Folk tale
- Name: The Boots of Buffalo Leather
- Aarne–Thompson grouping: ATU 952
- Country: Germany
- Published in: Grimms' Fairy Tales

= The Boots of Buffalo Leather =

German fairy tale

"The Boots of Buffalo Leather" (Der Stiefel von Büffelleder) is a German fairy tale collected by the Brothers Grimm, number 199.

It is Aarne-Thompson type 952, The King and the Soldier.

==Synopsis==
A soldier, renowned for his braveness, has just been relieved from the army. He owns an old rain coat and boots in buffalo leather. During his voyage he meets a huntsman in the woods; they are both lost. They decide to travel along together and see a house in the distance. An old woman opens the door and tells them it's a robbers' den, but the men still decide to stay, despite the huntsmen's objections. The woman hides them, but when the 12 robbers arrive home the soldier deliberately coughs to be noticed and they are immediately taken prisoner. The soldier remains calm and tells the robbers that he and his friend want to eat and drink first. The robbers allow this and after the soldier has dined he brandishes the contents of a wine bottle over the robbers' heads and says a magic spell that freezes them all, as if they were turned in stone.

The soldier and the huntsman then go to the local town to get some of the soldiers' old friends, bring them to the den and lifts the magic spell, causing the robbers to be able to move again, but they are immediately arrested and sent to prison.

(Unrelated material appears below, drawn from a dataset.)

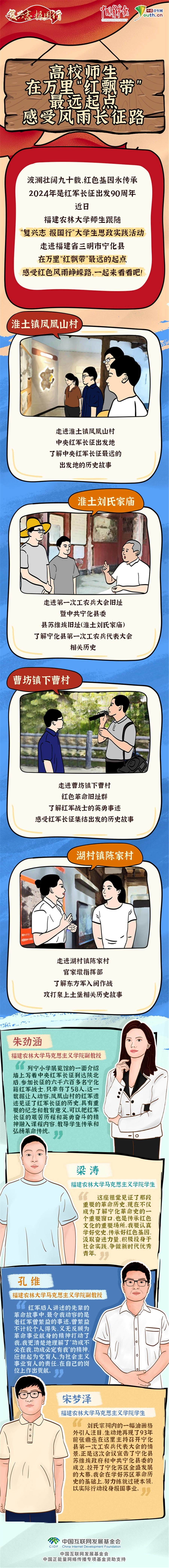 波瀾壯闊九十載,紅色基因永傳承。2024年是紅軍長(zhǎng)征出發(fā)90周年,近日,福建農(nóng)林大學(xué)師生跟隨“復(fù)興志 報(bào)國(guó)行”大學(xué)生思政實(shí)踐活動(dòng),走進(jìn)福建省三明市寧化縣,在萬(wàn)里“紅飄帶”最遠(yuǎn)的起點(diǎn),感受紅色風(fēng)雨崢嶸路,一起來(lái)看看吧!

As the soldier and the huntsmen return with the imprisoned thieves they are greeted by a joyous crowd of people. The soldier wonders why everybody is so enthusiastic? The huntsmen explains that they have all gathered to greet the king, who was absent for a long time but has now returned to the country. When the soldiers asks where the king is it turns out that the huntsman is the king in disguise, and the king promises to supply his needs thereafter, but the soldier must never drink his health without permission.